▶ _WHAT YOU SHOULD DO_: For this task, output exactly the lines of the material below starting at the line with "남원시(시장 이환주)가 운영하는" and ending at the line with "研究小组通过使用铂纳米粒子成"; pictures are to be excluded.

▶ _INFORMATION SUPPLIED_:
[Start of Attachment]

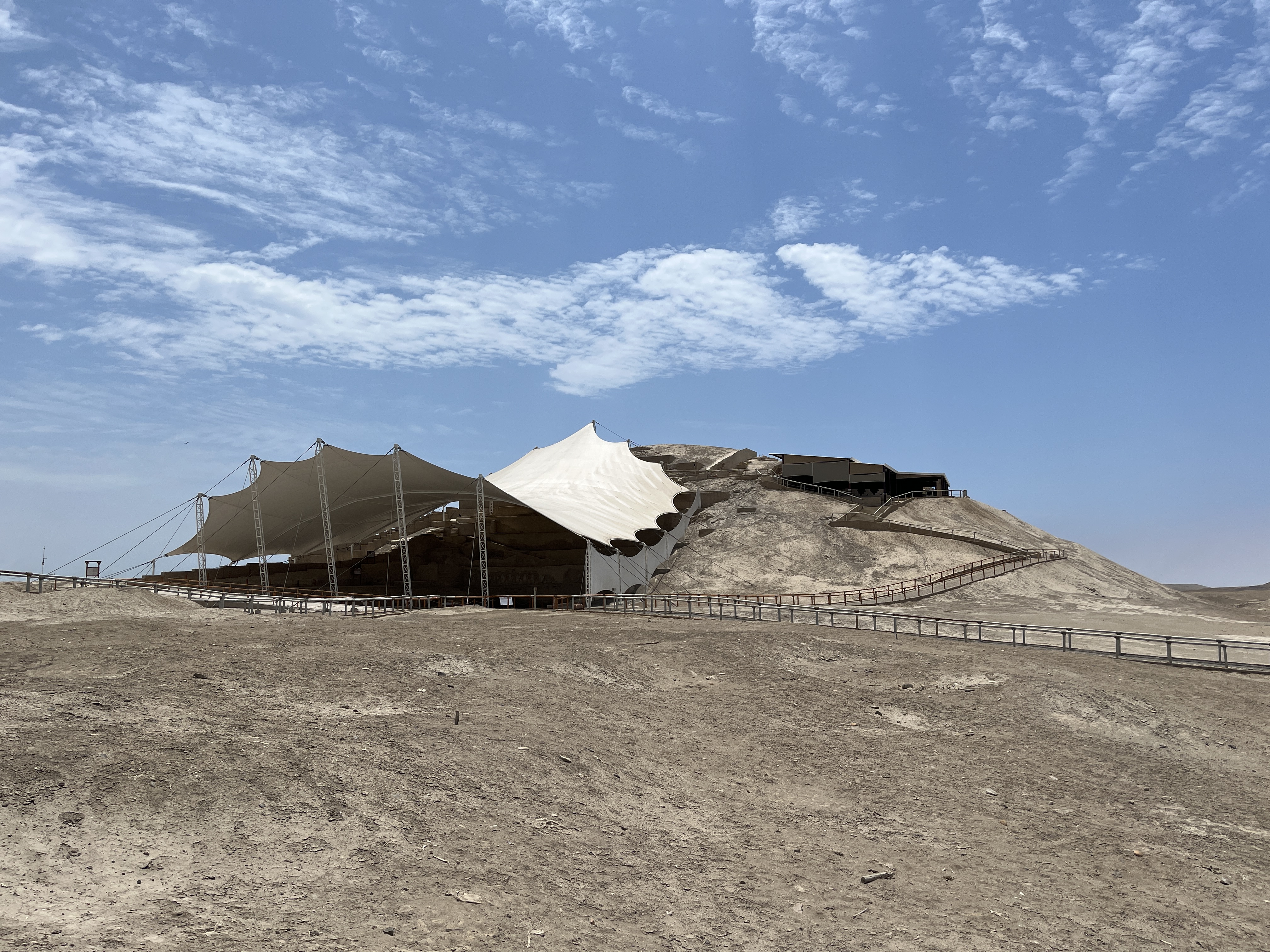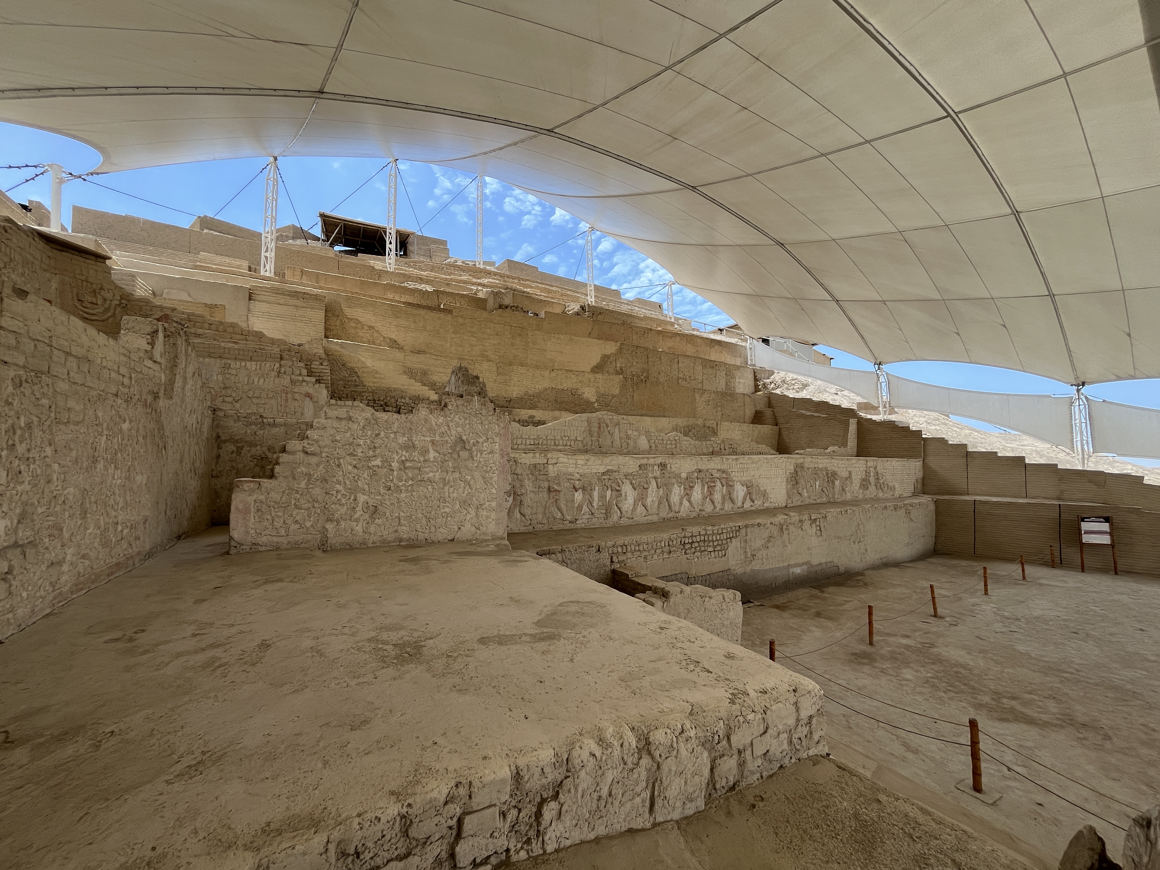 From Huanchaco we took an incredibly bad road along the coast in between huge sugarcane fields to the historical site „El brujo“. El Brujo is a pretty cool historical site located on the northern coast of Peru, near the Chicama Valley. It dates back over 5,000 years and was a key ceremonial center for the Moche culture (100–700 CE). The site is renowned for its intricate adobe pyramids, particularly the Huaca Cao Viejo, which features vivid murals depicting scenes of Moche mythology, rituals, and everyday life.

[End of Attachment]
[Start of Attachment]

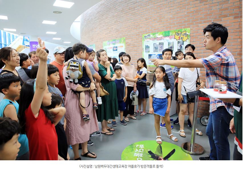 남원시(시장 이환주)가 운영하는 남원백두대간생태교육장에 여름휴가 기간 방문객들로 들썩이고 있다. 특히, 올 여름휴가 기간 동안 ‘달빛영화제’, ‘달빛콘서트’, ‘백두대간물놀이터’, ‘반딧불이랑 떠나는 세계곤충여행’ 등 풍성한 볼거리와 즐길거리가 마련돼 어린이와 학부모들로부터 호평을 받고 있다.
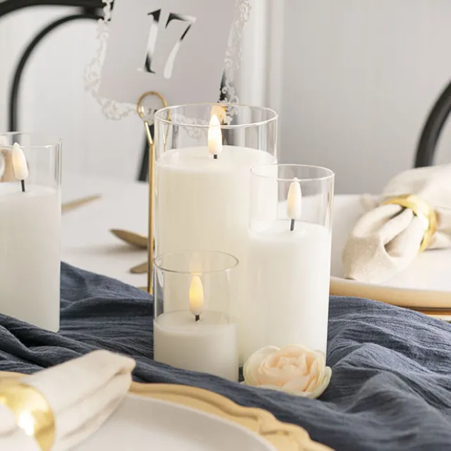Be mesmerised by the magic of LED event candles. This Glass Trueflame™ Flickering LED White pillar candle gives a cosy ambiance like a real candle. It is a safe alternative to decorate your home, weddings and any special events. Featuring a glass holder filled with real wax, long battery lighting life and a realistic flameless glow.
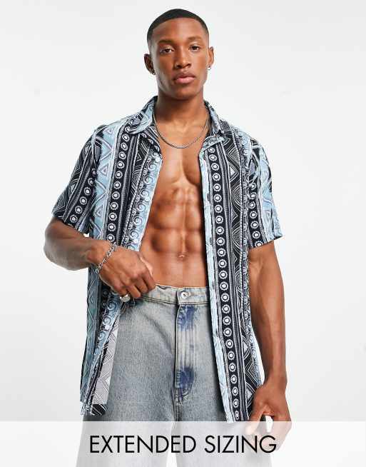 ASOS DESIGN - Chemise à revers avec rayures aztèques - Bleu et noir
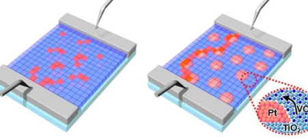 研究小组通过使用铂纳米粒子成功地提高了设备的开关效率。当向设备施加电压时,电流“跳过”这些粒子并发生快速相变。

[End of Attachment]
[Start of Attachment]

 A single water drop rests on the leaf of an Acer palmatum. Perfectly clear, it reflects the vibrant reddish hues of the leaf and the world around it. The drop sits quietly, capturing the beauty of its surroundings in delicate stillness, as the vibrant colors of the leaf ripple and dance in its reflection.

[End of Attachment]

▶ _EXERCISE OUTPUT_:
 남원시(시장 이환주)가 운영하는 남원백두대간생태교육장에 여름휴가 기간 방문객들로 들썩이고 있다. 특히, 올 여름휴가 기간 동안 ‘달빛영화제’, ‘달빛콘서트’, ‘백두대간물놀이터’, ‘반딧불이랑 떠나는 세계곤충여행’ 등 풍성한 볼거리와 즐길거리가 마련돼 어린이와 학부모들로부터 호평을 받고 있다.
Be mesmerised by the magic of LED event candles. This Glass Trueflame™ Flickering LED White pillar candle gives a cosy ambiance like a real candle. It is a safe alternative to decorate your home, weddings and any special events. Featuring a glass holder filled with real wax, long battery lighting life and a realistic flameless glow.
 ASOS DESIGN - Chemise à revers avec rayures aztèques - Bleu et noir
 研究小组通过使用铂纳米粒子成功地提高了设备的开关效率。当向设备施加电压时,电流“跳过”这些粒子并发生快速相变。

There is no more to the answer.